Everything from the line with "IP KVM Переключатель" down to the line with "Billhook Sickle Machetes, 15.6″" below must be printed exactly, those two lines included. Exclude pictures.

[Task data]

==================================================

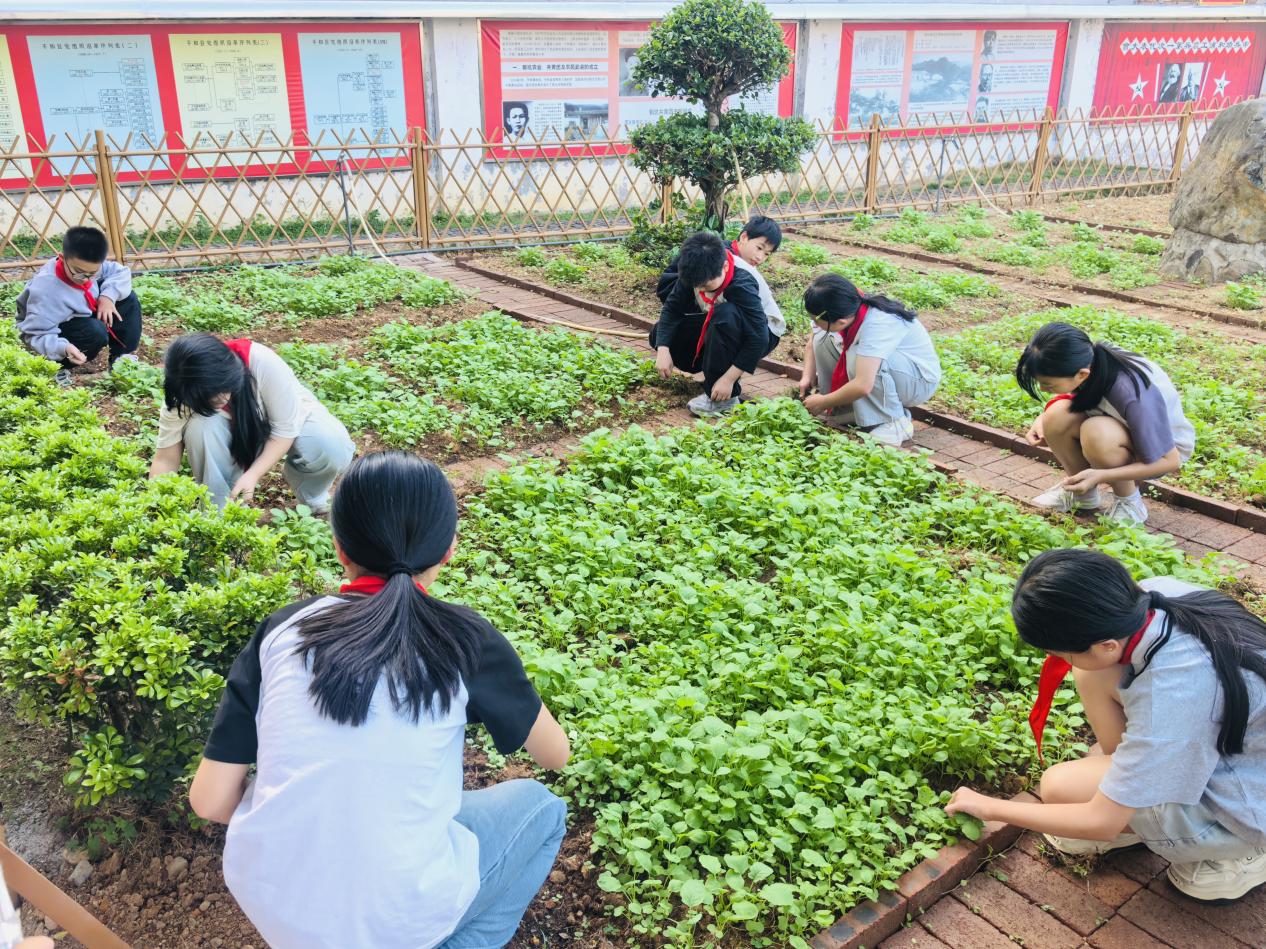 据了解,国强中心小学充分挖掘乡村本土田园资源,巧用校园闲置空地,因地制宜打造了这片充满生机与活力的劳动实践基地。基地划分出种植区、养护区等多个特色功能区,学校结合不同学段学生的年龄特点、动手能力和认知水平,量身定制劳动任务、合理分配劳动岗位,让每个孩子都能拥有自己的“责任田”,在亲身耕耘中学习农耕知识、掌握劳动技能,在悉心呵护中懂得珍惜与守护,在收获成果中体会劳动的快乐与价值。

==================================================

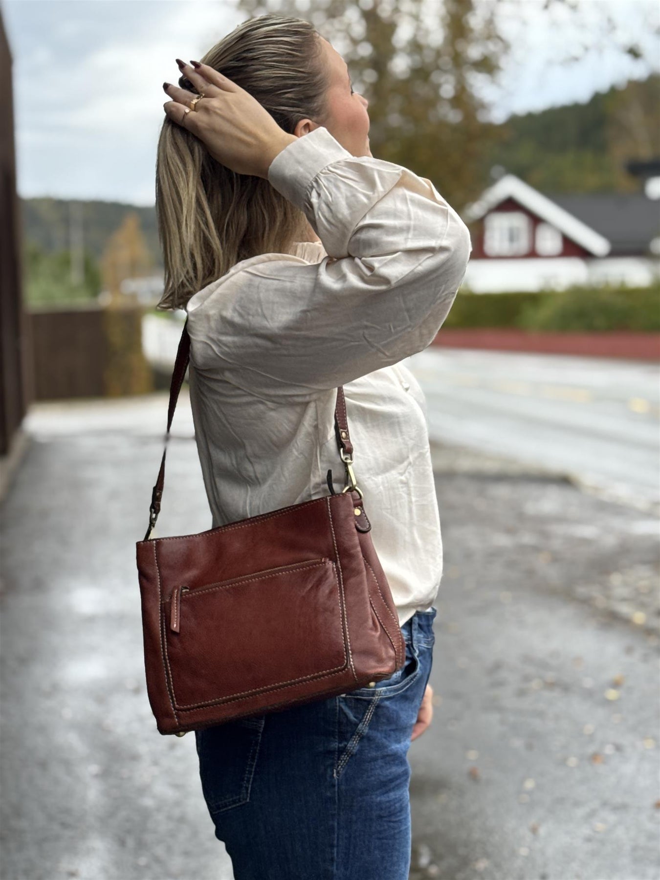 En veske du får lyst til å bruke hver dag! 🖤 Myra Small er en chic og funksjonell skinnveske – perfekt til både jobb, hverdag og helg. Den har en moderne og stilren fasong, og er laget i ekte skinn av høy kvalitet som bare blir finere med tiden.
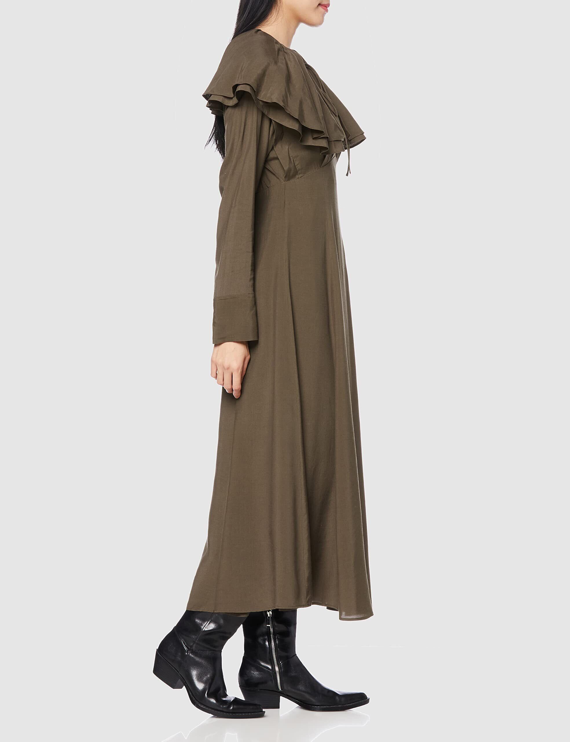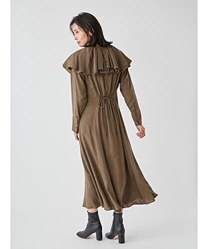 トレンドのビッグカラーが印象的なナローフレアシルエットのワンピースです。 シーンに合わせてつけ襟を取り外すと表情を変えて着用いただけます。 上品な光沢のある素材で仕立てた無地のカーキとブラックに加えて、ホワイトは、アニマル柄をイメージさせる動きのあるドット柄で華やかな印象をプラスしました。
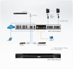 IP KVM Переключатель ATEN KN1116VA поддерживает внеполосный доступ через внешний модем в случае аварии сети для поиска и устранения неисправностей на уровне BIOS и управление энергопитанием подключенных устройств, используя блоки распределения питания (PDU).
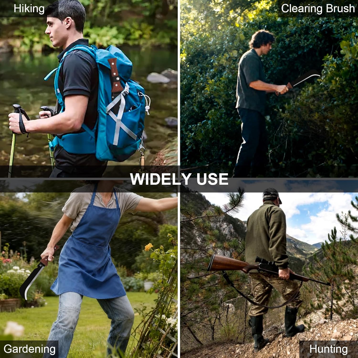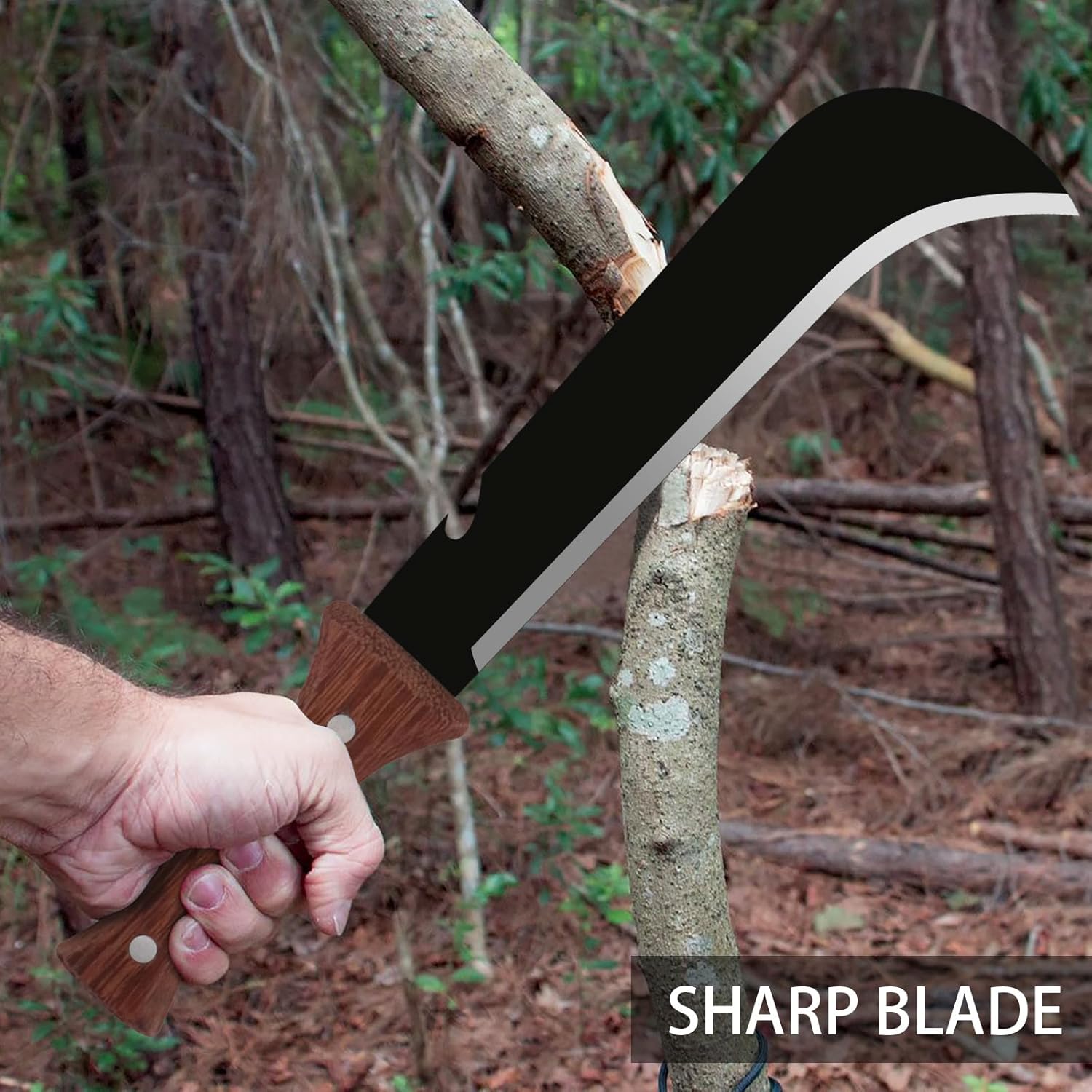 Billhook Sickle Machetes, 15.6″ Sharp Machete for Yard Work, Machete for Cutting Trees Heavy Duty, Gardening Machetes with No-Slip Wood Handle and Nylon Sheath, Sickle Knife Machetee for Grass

==================================================

[Answer below]
 IP KVM Переключатель ATEN KN1116VA поддерживает внеполосный доступ через внешний модем в случае аварии сети для поиска и устранения неисправностей на уровне BIOS и управление энергопитанием подключенных устройств, используя блоки распределения питания (PDU).
 Billhook Sickle Machetes, 15.6″ Sharp Machete for Yard Work, Machete for Cutting Trees Heavy Duty, Gardening Machetes with No-Slip Wood Handle and Nylon Sheath, Sickle Knife Machetee for Grass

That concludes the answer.